The second El Capitan “early-access” machine sited at LLNL, RZNevada for months has served as a testbed for Livermore Computing and the NNSA Tri-Labs to port and develop applications in preparation for El Capitan’s arrival in 2023.

In addition to RZNevada, LLNL installed an earlier testbed system, “Hetchy,” that is being used by system administrators. More advanced EAS-3 testbeds will contain nodes with next-generation CPUs and GPUs, close to the technology that will be installed in the nation’s first exascale supercomputer at Oak Ridge National Laboratory (ORNL).

“Successful large-scale systems require extensive planning, from system design and implementation, to siting and, most importantly, use,” said LLNL’s Chief Technology Officer for Livermore Computing Bronis de Supinski. “This planning includes deployment of precursor systems that enable application teams to be ready as soon as the full-scale system is available. For this reason, the El Capitan project includes several generations of early-access systems, including RZNevada and three systems that will be architecturally similar to the ORNL Frontier system, and made available to our application teams early next year.”

When delivered, El Capitan will be NNSA’s first exascale (a quintillion floating-point operations per second) machine and is currently projected to be the world’s most powerful supercomputer. As with any new machine, it takes a village to get existing codes optimized for advancements in hardware and software environments, enlisting the efforts of hundreds of employees.

LLNL computational physicist David Richards heads the El Capitan Center of Excellence, a collaboration of developers and experts at the NNSA labs, HPE and AMD who work together on RZNevada to help guarantee applications will perform well on El Capitan from the get-go. “It’s a very tight relationship,” Richards said, and provides a mechanism for granting access to codes that HPE and AMD developers otherwise couldn’t see.

“The advantage of a Center of Excellence is that we get access to a lot of [non-disclosure agreement] material from the vendors,” Richards explained. “We get to have their experts give webinar presentations and provide information to our developers. Also, their developers get access to our codes; they can sit right next to each other and work on these codes to understand the performance bottlenecks and what can we do to resolve them.”

Ahead of the technology that will compose El Capitan, RZNevada has 24 advanced AMD CPU/GPU compute nodes, each containing one AMD EPYC* CPU 7702 processor with 64 cores each, and one AMD Instinct MI100 accelerator. The hardware is connected via HPE’s Slingshot network. While the system tops out at just a few hundred teraflops, the focus of RZNevada wasn’t speed — the Lab specifically chose fewer GPUs to provide the most nodes for code teams to work with, according to El Capitan Integration Lead Adam Bertsch.

“These early-access systems require a little bit of imagination to see how they relate to the final system, because they’re typically a lot smaller and the architecture looks a little different,” said Bertsch. “There’s a logical progression moving where we are to El Cap, but it’s certainly not the same stuff. That’s one of the things we have to deal with when we’re buying technology that doesn’t exist yet. We have to have this progression to move our applications from where we are to where we need to go.”

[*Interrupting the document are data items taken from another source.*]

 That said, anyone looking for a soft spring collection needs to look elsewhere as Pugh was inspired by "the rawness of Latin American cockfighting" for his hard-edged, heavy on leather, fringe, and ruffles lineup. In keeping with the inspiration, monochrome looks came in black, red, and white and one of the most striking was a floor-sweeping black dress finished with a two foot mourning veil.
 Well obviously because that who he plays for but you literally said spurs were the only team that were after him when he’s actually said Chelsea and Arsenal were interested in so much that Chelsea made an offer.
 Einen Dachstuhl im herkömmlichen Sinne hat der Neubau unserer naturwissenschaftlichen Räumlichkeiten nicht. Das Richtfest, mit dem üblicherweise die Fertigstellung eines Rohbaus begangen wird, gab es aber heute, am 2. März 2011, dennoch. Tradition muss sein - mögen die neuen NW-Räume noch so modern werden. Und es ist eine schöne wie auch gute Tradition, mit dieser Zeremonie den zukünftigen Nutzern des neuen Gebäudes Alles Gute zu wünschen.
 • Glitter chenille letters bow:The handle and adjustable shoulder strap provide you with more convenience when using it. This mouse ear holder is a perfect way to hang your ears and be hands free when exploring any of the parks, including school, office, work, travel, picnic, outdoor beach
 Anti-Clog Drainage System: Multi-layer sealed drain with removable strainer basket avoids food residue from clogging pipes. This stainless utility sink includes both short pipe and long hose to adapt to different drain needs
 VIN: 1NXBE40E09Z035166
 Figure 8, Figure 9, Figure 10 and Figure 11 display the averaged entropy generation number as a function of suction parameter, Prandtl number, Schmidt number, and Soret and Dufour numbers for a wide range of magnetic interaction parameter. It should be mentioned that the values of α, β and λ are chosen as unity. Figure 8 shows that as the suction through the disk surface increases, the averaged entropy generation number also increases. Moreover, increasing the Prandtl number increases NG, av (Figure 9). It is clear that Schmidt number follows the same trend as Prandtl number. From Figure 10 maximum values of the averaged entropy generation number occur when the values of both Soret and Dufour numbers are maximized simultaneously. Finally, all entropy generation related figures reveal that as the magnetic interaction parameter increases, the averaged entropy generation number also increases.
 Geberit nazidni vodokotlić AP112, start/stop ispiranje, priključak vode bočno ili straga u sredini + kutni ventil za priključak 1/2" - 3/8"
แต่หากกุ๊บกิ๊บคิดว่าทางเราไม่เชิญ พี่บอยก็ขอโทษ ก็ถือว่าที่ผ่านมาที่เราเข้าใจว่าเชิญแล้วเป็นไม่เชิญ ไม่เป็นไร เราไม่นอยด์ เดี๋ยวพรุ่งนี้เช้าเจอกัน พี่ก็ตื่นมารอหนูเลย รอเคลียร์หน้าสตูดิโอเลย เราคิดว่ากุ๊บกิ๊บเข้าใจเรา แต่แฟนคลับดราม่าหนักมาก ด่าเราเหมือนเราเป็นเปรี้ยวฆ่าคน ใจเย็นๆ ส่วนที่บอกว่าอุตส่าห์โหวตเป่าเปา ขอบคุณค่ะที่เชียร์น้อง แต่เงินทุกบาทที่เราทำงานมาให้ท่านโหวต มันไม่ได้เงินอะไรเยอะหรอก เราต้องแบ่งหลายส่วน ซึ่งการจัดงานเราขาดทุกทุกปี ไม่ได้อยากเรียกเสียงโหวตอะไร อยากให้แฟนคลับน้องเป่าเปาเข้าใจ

Bertsch said, thanks to the Lab’s previous experience in refactoring applications for heterogeneous CPU/GPU systems with the IBM/NVIDIA supercomputer Sierra, El Capitan will be a “less painful transition” for developers.

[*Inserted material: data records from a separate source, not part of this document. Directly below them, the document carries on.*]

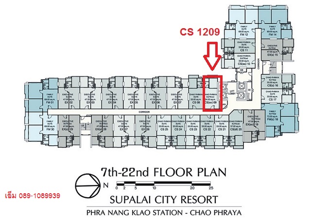 ขายดาวน์ 1bed 34 ตร.ม. ห้อง 1209 (ศุภาลัย ซิตี้ รีสอร์ท สถานีพระนั่งเกล้า – เจ้าพระยา) เอ็ม 089-1089939
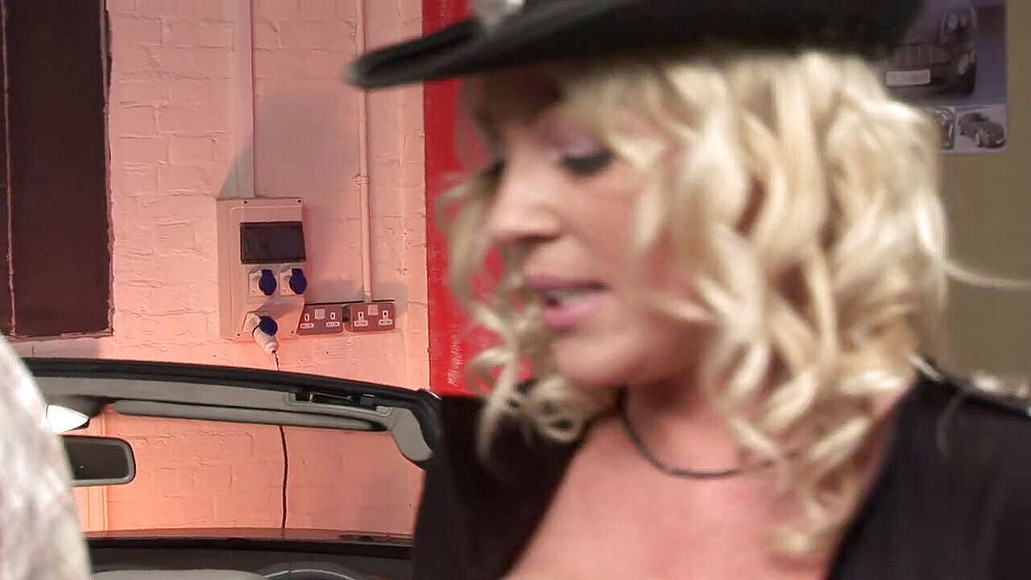 After a long night of it, the neighbor passes out in a convertible. Someone notices this and calls the cops. A beautiful and horny police officer comes over to straighten things out. She strips the guy down, right then and there, and checks for anything bad. The only thing on him that should be bad is the size of his rigid cock. She demands he slide her satin panties aside and lick her pussy before stabbing her with his giant, meaty tool. After a thorough pussy blasting the cop gobbles up the guy's dehydrated cum and sends him home. To her home...
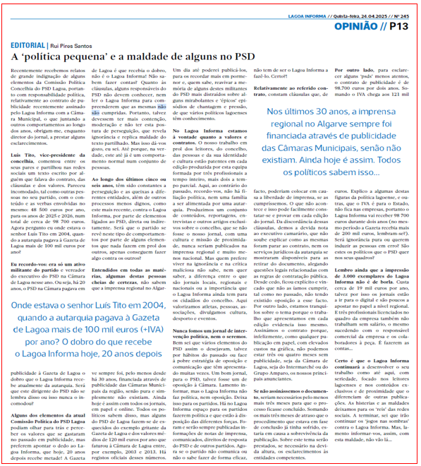 O director do ‘Lagoa Informa’ garante que, no passado, a ‘Gazeta de Lagoa’ – um jornal actualmente inactivo, embora ainda registado na ERC, em nome de Ana Maria Jesus Linha – teria recebido da autarquia local “valores médios de 120 mil euros por ano […] entre, por exemplo, 2003 e 2013.”, acrescentando que “há registos oficiais desses números”. E promete que “um dia até poderei publicá-los, para os recordar mais em pormenor e, quem sabe, reavivar a memória de alguns destes militantes do PSD mais distraídos sobre alguns mirabolantes e ‘épicos’ episódios de chantagem e pressão, de que vários políticos lagoenses têm conhecimento”.
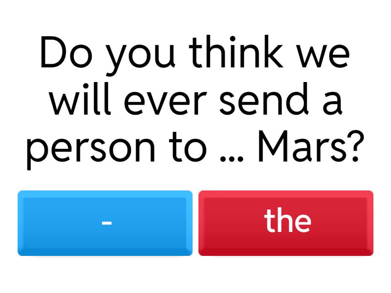 1) Do you think we will ever send a person to ... Mars? a) - b) the 2) When you go to .. London, don't forget to see ... London Eye. a) -, - b) -, the c) the, - d) the, the 3) I'm not telling _ lies. a) - b) the c) a d) an 4) Dad has gone to _ work and forgotten _ car keys. a) -, the b) -, - c) the, the d) the, - 5) I'm looking fror _ teacher who can teach me _ French. a) -, - b) the, the c) a, the d) a, - 6) __ prices have gone up a lot recently. a) - b) the c) a d) an 7) My brother is _ honest person. a) a b) an c) the d) - 8) _ English music was popular in _ America in _ 1960s. a) -, -, - b) the, the, the c) - , -, the d) the, -, - 9) Would you to read _ book or watch _ TV? a) a, - b) a, the c) the, the d) -, - 10) Peter joined _ police and caught ten thieves in his first month! a) - b) a c) the d) an

“We know the applications will run well because the conceptual architecture is close to Sierra, so we’ve already done a lot of work on our codes that we can leverage that leads us right to El Cap,” Bertsch said. “The whole notion of packaging up your work and being very efficient about what you copy over to the GPU and not going back and forth too much, this whole design architecture for heterogeneity is something we added in, and that’s going to pay dividends for several generations of systems.”

Though a fraction of the size and scope of El Capitan, RZNevada is also providing researchers with an early gauge of application performance. Developers determine the best “speed-of-light” performance that could be expected out of the codes, then identify aspects of the hardware that are constraining performance and factor in the projected hardware advancements that will be made in the next two years, according to Richards.

“It’s like moving into a house that has the outside walls and a roof, but it doesn’t have the carpeting or drywall and a nice coat of paint — all those features that really make it a home. Those are things that we expect will be developed over the next couple of years,” Richards said. “It looks kind of like the house we’ll move into eventually, but it’s not all there yet. That’s what the COE is working with the vendor to do, making sure we’re choosing the right carpeting, picking the paint colors we like and making sure that house will work for us and the family.”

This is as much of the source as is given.